Exercise -> Begin at the line below that has "С проблемами ухудшения". Stop after the line that has "Sculpture vers 1970", repeating each line exactly and leaving out the pictures.

Input for this task ->
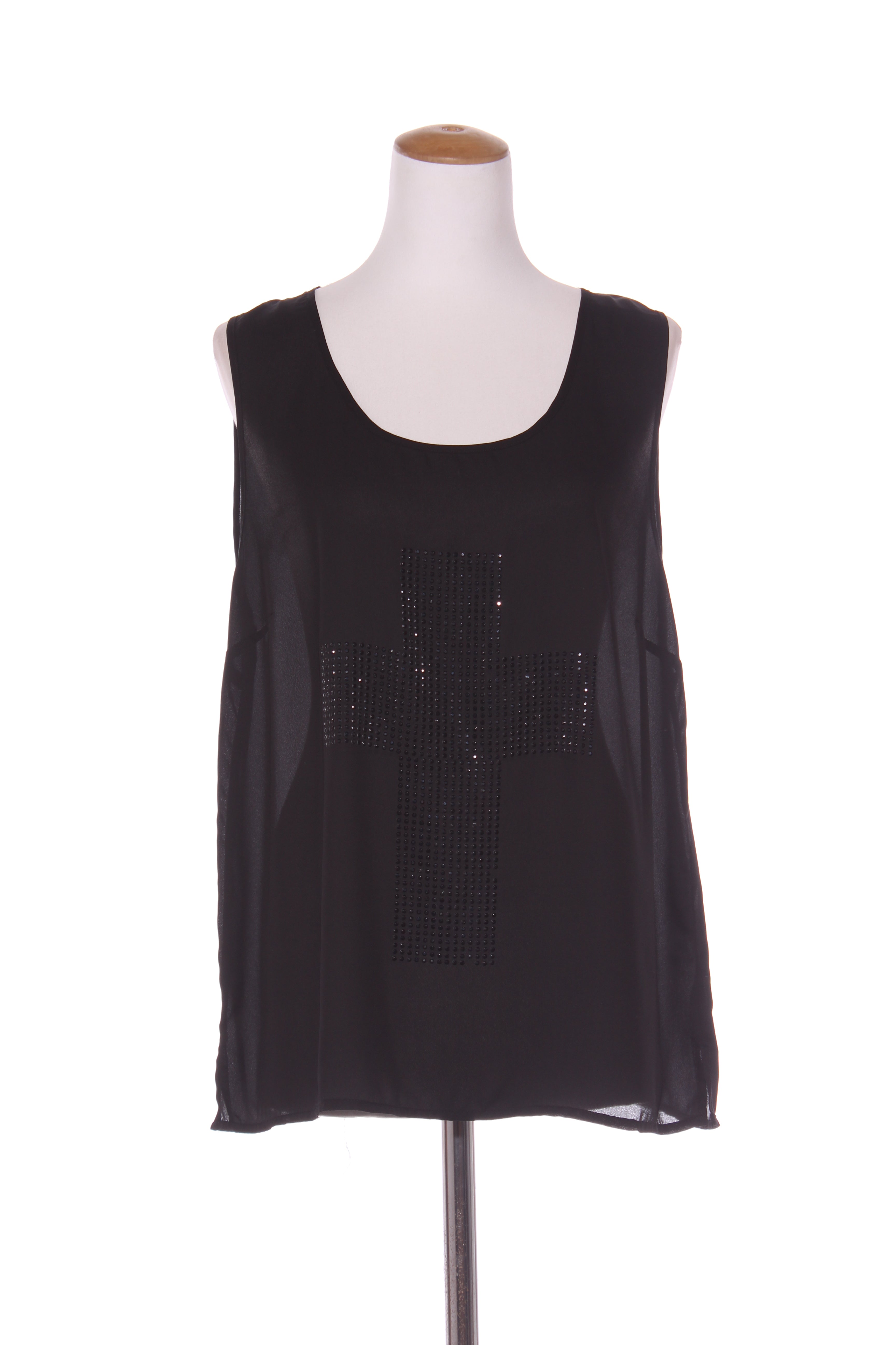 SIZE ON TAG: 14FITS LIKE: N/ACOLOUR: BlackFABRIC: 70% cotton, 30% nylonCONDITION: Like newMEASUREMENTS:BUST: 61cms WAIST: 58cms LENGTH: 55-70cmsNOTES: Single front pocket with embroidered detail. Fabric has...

==

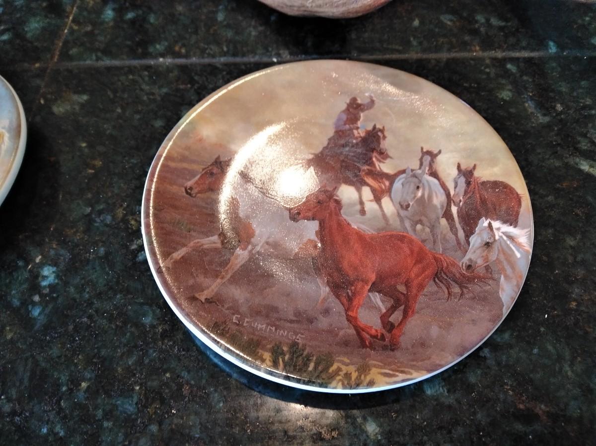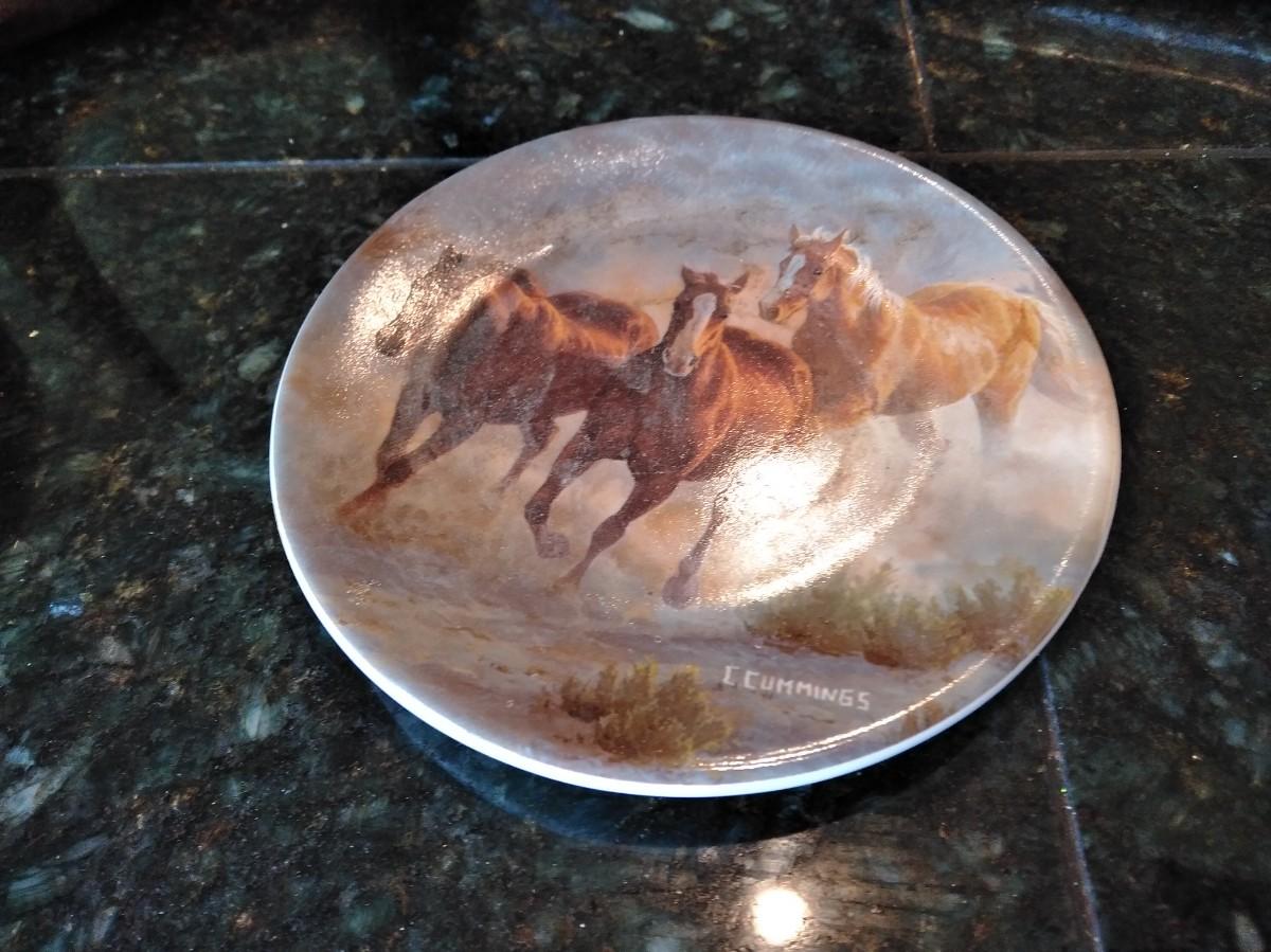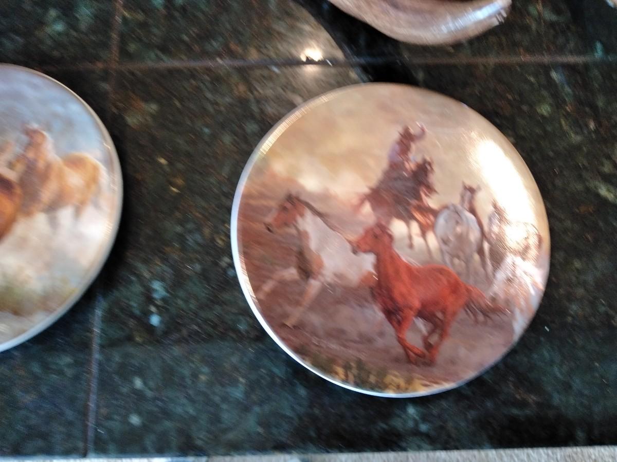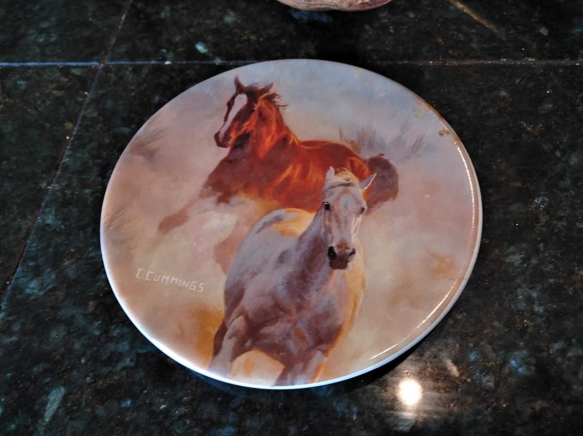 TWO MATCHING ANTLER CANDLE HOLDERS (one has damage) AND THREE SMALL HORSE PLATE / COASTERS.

...

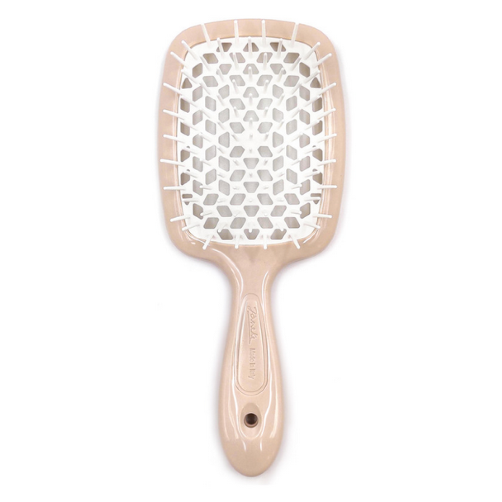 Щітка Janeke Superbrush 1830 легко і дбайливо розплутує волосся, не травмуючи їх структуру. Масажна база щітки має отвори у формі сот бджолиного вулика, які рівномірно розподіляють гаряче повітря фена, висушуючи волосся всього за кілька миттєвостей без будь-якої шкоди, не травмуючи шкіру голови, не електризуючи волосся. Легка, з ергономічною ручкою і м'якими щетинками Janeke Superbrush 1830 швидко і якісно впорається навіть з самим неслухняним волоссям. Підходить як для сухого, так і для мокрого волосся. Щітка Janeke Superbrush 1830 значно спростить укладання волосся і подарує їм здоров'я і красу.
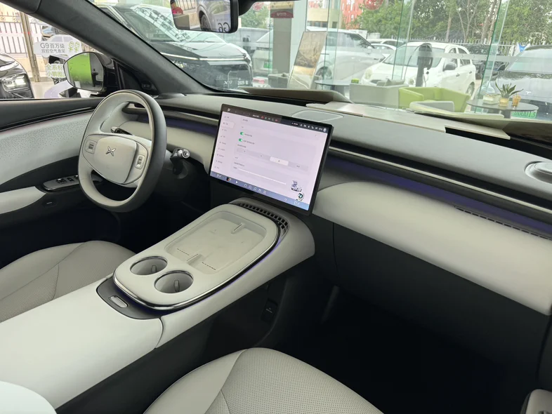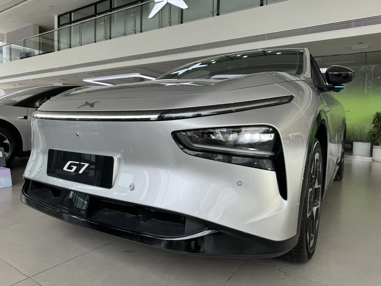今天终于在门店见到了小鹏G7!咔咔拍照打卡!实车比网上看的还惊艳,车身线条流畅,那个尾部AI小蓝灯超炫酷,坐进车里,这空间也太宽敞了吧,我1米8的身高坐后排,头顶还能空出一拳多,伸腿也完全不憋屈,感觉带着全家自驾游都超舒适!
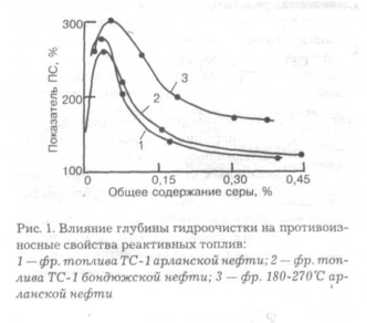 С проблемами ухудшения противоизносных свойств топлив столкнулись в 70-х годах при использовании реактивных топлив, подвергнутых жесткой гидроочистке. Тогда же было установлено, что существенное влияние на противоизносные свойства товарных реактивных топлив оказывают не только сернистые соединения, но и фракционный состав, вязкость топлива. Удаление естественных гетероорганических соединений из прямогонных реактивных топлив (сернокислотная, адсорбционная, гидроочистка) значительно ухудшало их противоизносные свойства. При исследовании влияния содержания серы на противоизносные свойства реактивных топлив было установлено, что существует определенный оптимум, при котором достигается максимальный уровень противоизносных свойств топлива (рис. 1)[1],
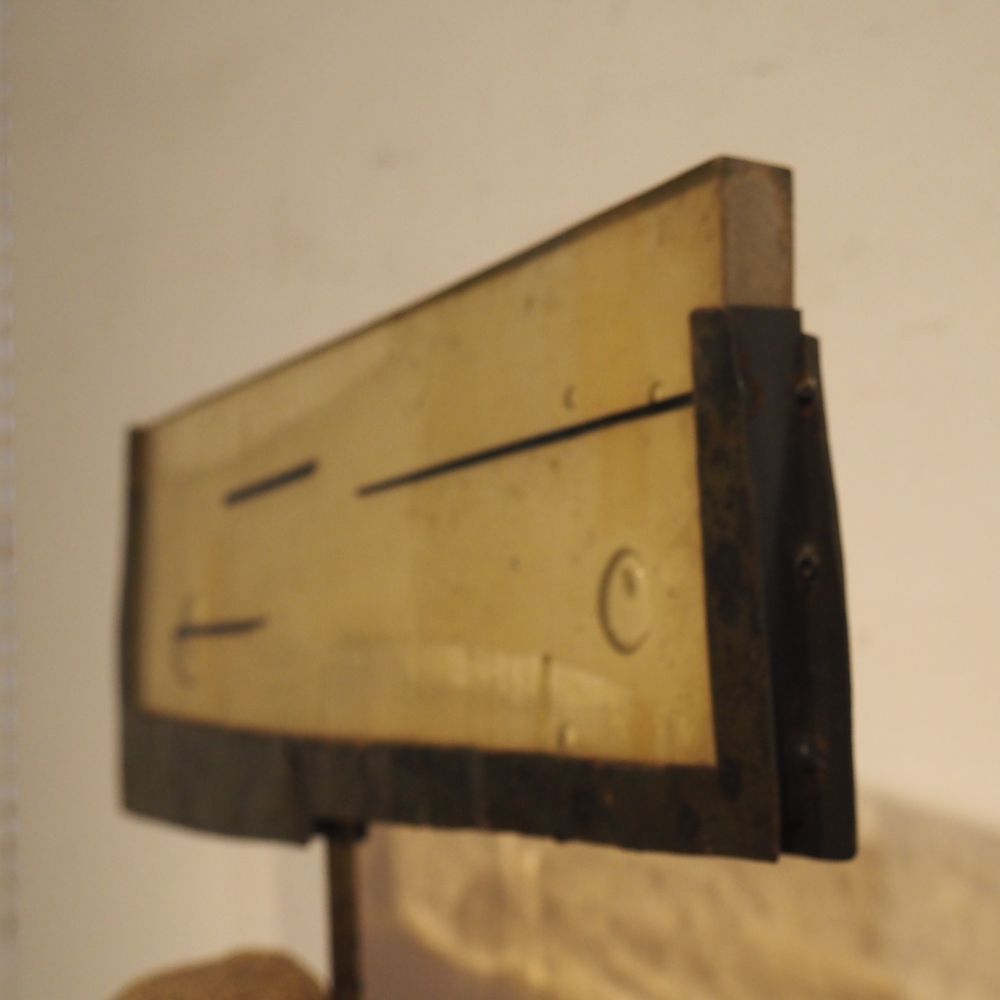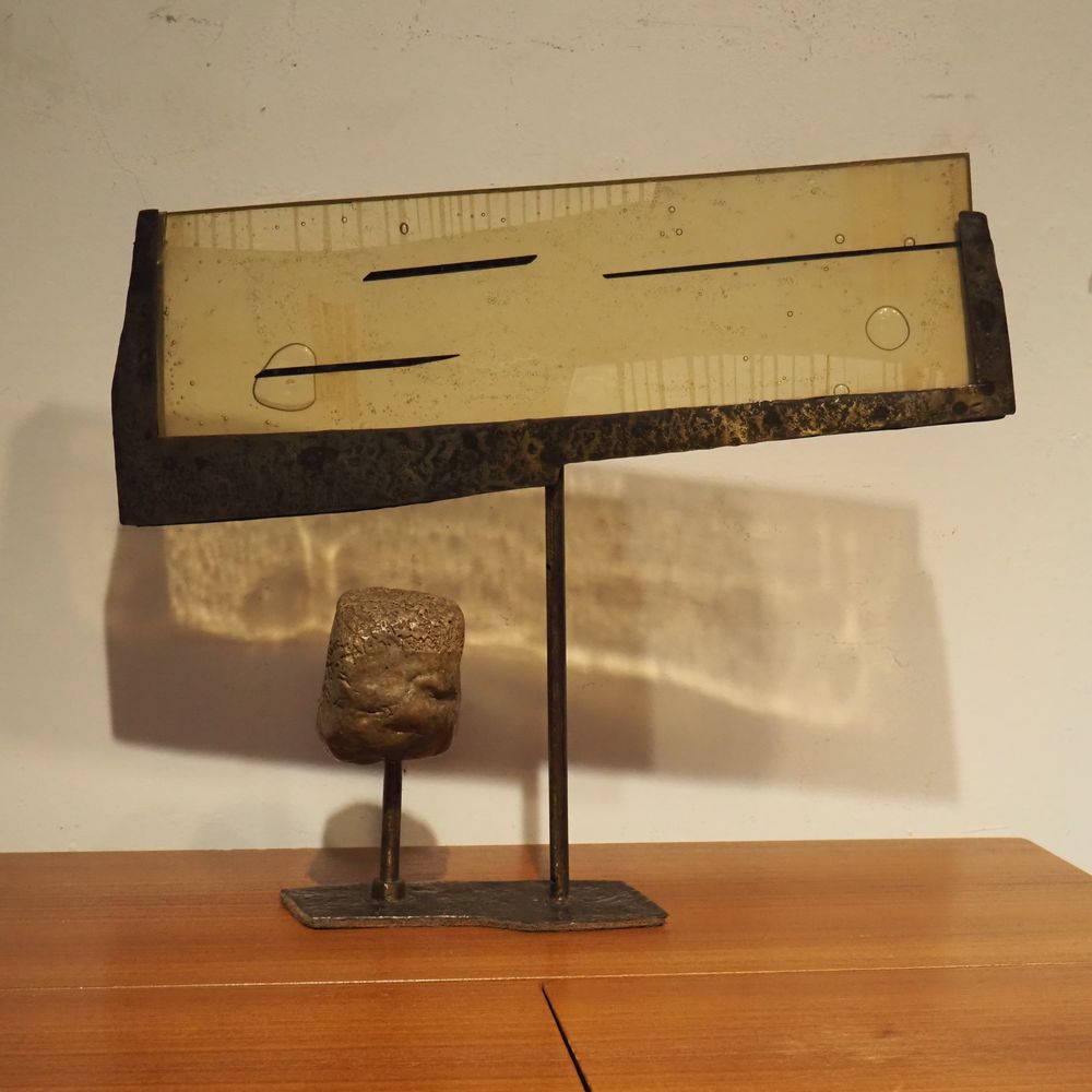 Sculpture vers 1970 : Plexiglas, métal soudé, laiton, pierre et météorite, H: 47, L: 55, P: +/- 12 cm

Task result ->
 С проблемами ухудшения противоизносных свойств топлив столкнулись в 70-х годах при использовании реактивных топлив, подвергнутых жесткой гидроочистке. Тогда же было установлено, что существенное влияние на противоизносные свойства товарных реактивных топлив оказывают не только сернистые соединения, но и фракционный состав, вязкость топлива. Удаление естественных гетероорганических соединений из прямогонных реактивных топлив (сернокислотная, адсорбционная, гидроочистка) значительно ухудшало их противоизносные свойства. При исследовании влияния содержания серы на противоизносные свойства реактивных топлив было установлено, что существует определенный оптимум, при котором достигается максимальный уровень противоизносных свойств топлива (рис. 1)[1],
 Sculpture vers 1970 : Plexiglas, métal soudé, laiton, pierre et météorite, H: 47, L: 55, P: +/- 12 cm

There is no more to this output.